My skin´s bubbling. It´s on my arms. I think I´m trying to sweat, and for whatever reason my skin is blocking it. It goes away when I rest for a bit.

Okay, out of time. Adios!

Friday, July 9, 2010

Blister!!!!

Not too much to say today. I was only able to walk 4km yesterday, because the blister that encompases my entire little toe became pretty bad. I´ll spare you the gory details, but it became a bit bloody. MJW - you´d definitely be grossed out. My ¨rest day¨ yesterday enabled me to go 11km today, which is better. I just went to the Farmacia and got some blister plasters - we´ll see if they work. I´ve heard from Sasha from New Zealand that they are superb. I hope she´s right. :)
People here in Europe are much more comfortable with their bodies than we are. It´s wonderful. It takes some getting used to, I admit, to see blue hairs walking around in just their bras on a hot day, and old men with their bellies bouncing a bit as they walk down the street, but I love it. I spent about an hour at a municipal pool yesterday afternoon, and I was one of 2 people in a one-piece (the other was wearing Hello Kitty) - EVERYONE else was in a bikini. Even the mothers, one of which was about my size but had about 30 years on me.
I´m loving how far money goes when you´re a pilgrim. I have to confess that it´s one of the reasons I haven´t quit just yet - I´ve spent about 110 € in a week. That includes housing, meals, sunscreen, soap, everything. It´s cheaper than living in DC for that amount of time, that´s for sure! Who ever thought you could go on vacation and save money?
Mom said the other day that when I get home she´s treating me to a pedicure - it´s one of the things I´m most looking forward to! My feet are nasty! I´ve seen worse on this trip, though, that´s for sure!
I´m so tan you might not recognize me. :)

Wednesday, July 7, 2010

Coming to Terms and the Spain/Germany Match

Sitting in a bar with several pilgrims and several more Spaniards watching Spain play Germany in the World Cup semifinals. I don´t really care who wins, but, admittedly, it would be cool for Spain to win while I´m here. I´m just imagining the celebration, really. Although, I´ll most likely be asleep for it tonight. Hopefully I´ll catch some of it tomorrow. . .or if Spain goes on to win the whole thing.
Ate a rather delicious dinner with all the pilgrims in the albergue tonight. I´m staying in a church, and cost is by donation, and they cook dinner for everyone! We had a salad type thing (a little lettuce, many tomatoes, onions, cucumbers, green peppers and white beans), some pasta al dente with zucchini, and watermelon for dessert. Of course, there was wine and bread. Staples.
Walked with Rob from Georgia (state in US, not European country) today. He´s probably in his mid fifties, has two sons, and is very sweet. He´s doing this for many reasons which we bonded over a little, but he´s a little pushy with his views on religion. Despite feeling slightly preached to today, he helped immensly to pass the time.

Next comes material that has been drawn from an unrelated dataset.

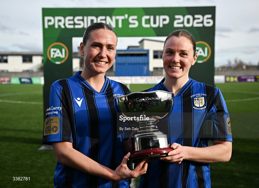 8 March 2026; Athlone Town players Madie Gibson, left, and Dana Scheriff with the FAI President's Cup after the 2026 Women's President's Cup final match between Athlone Town and Shelbourne at Athlone Town Stadium in Westmeath. Photo by Seb Daly/Sportsfile

Throw out all your expectations concerning where I will be on a certain day. It´s what I´ve had to do. I´m in Grañon tonight, which is where I should have been yesterday, and I´m surprisingly okay with it. I´ve learned that distance doesn´t dictate lessons learned, struggles won, changes made. I will still spend 27 days figuring out who I am, who I want to be, what I want and how to get it. This can be a meaningful experience regardless of if I walk the entire distance. I would even argue that it will become even more meaningful if I listen to what my body is telling me and stop when necessary - it will give me a chance to love my surroundings and live in the moment rather than being conscious only of pain. There is no sense in that.
I think I am becoming more comfortable with my limitations. If I accept them for what they are, I can move on to aspects that are perhaps more important, hold more weight, than how far I can walk each day with an extra 12 kg on my back. Ultimately, I don´t think pushing myself toward 40km a day will have a positive impact on my life. It is still a struggle, and I still have to push myself, to complete 25km/day.
That should be enough for me, and I think, perhaps more slowly than I would prefer, that it is becoming my truth.